= Flat memory model =

Computer memory addressing model

Flat memory model or linear memory model refers to a memory addressing paradigm in which "memory appears to the program as a single contiguous address space." The CPU can directly (and linearly) address all of the available memory locations without having to resort to any sort of bank switching, memory segmentation or paging schemes.

Memory management and address translation can still be implemented on top of a flat memory model in order to facilitate the operating system's functionality, resource protection, multitasking or to increase the memory capacity beyond the limits imposed by the processor's physical address space, but the key feature of a flat memory model is that the entire memory space is linear, sequential and contiguous.

In a simple controller, or in a single tasking embedded application, where memory management is not needed nor desirable, the flat memory model is the most appropriate, because it provides the simplest interface from the programmer's point of view, with direct access to all memory locations and minimum design complexity.

In a general purpose computer system, which requires multitasking, resource allocation, and protection, the flat memory system must be augmented by some memory management scheme, which is typically implemented through a combination of dedicated hardware (inside or outside the CPU) and software built into the operating system. The flat memory model (at the physical addressing level) still provides the greatest flexibility for implementing this type of memory management.

==Memory models==

Most modern memory models fall into one of three categories:

===Flat unpaged memory model===
- Simple interface for programmers, clean design
- Greatest flexibility due to uniform access speed (segmented memory page switches usually incur varied latency due to longer accesses of other pages, either due to extra CPU logic in changing page, or hardware requirements)
- Minimum hardware and CPU real estate for simple controller applications
- Maximum execution speed, as there is no need to access auxiliary data structures such as a segment or page table in RAM
- Not suitable for general computing or multitasking operating systems

===Paged memory model===

- Suitable for multitasking, general operating system design, resource protection and allocation
- Suitable for virtual memory implementation
- More CPU real estate, somewhat lower speed
- More complex to program
- Rigid page boundaries, not always the most memory efficient
- This memory model is required when using Physical Address Extension (PAE) in Pentium Pro and later x86 CPUs to support 36-bit physical addresses to address more than 4GB of physical memory.

===x86 segmented memory model===

- Similar to paged memory, but paging is achieved by the implicit addition of two relatively shifted registers: segment:offset
- Variable page boundaries, more efficient and flexible than the paged memory model
- Quite complex and awkward from a programmer's point of view
- More difficult for compilers
- Pages can overlap / poor resource protection and isolation
- Many to one address translation correspondence: Many segment:offset combinations resolve to the same physical address
- Greater chance of programming errors
- Implemented in the original Intel 8086, 8088, 80186, 80286, and supported by 80386 and all subsequent x86 machines through to present day Pentium and Core 2 processors.

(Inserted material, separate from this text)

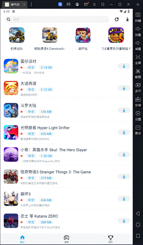 淘气侠电脑版这东西说白了就是个基于安卓模拟器的游戏盒子,专门给咱们这些爱玩游戏的人准备的,它背后是山西焱金科技搞的,里面资源真的多到爆,不管你是喜欢角色扮演、动作闯关还是策略塔防,基本上你想玩的都能搜到,这就省得咱们到处乱找资源了,我个人觉得这种整合好的软件特别省心,毕竟谁也不想浪费时间在搜游戏上对吧。而且这软件界面挺干净的,没啥烦人的广告,操作也简单,最让我觉得方便的是它内置了云手机功能,不用下载就能直接玩,这点真的很适合我这种手机内存老是不够用的人,而且它还能自动更新游戏,利用空闲时间一键搞定,简直不要太爽。另外它每个游戏都有评论区,咱们可以在里面跟其他玩家吹吹牛、交流下心得,这种互动感挺好的。软件特色方面,下载速度快不用死等,游戏种类多更新也及时,安装还自动适配机型,省时省心。那个火爆论坛和大神攻略更是亮点,想吐槽或者学技术都能找到地儿。至于优势嘛,它聚合了各种评测和资讯,安全又便捷,还有资深玩家推荐游戏,能让你第一时间发现全球的好手游,特别是日韩美那些排行榜更新很及时。最后那个交流社区氛围也不错,大家都在这分享高质量的游戏体验。总之这软件功能挺全的,v2.0.8版本还修了一些bug,用起来更顺手了,真心推荐喜欢玩游戏的朋友试试看。

This memory model has remained ever since in the x86 machines, which now provide multi-mode operation and rarely operate in the compatible segmented mode. See x86 memory segmentation for details.
- saves RAM by moving the segment address, this allows short jumps that require fewer bytes.

Within the x86 architectures, when operating in the real mode (or emulation), physical address is computed as:
Address = 16 × segment + offset
(I.e., the 16-bit segment register is shifted left by 4 bits and added to a 16-bit offset, resulting in a 20-bit address.)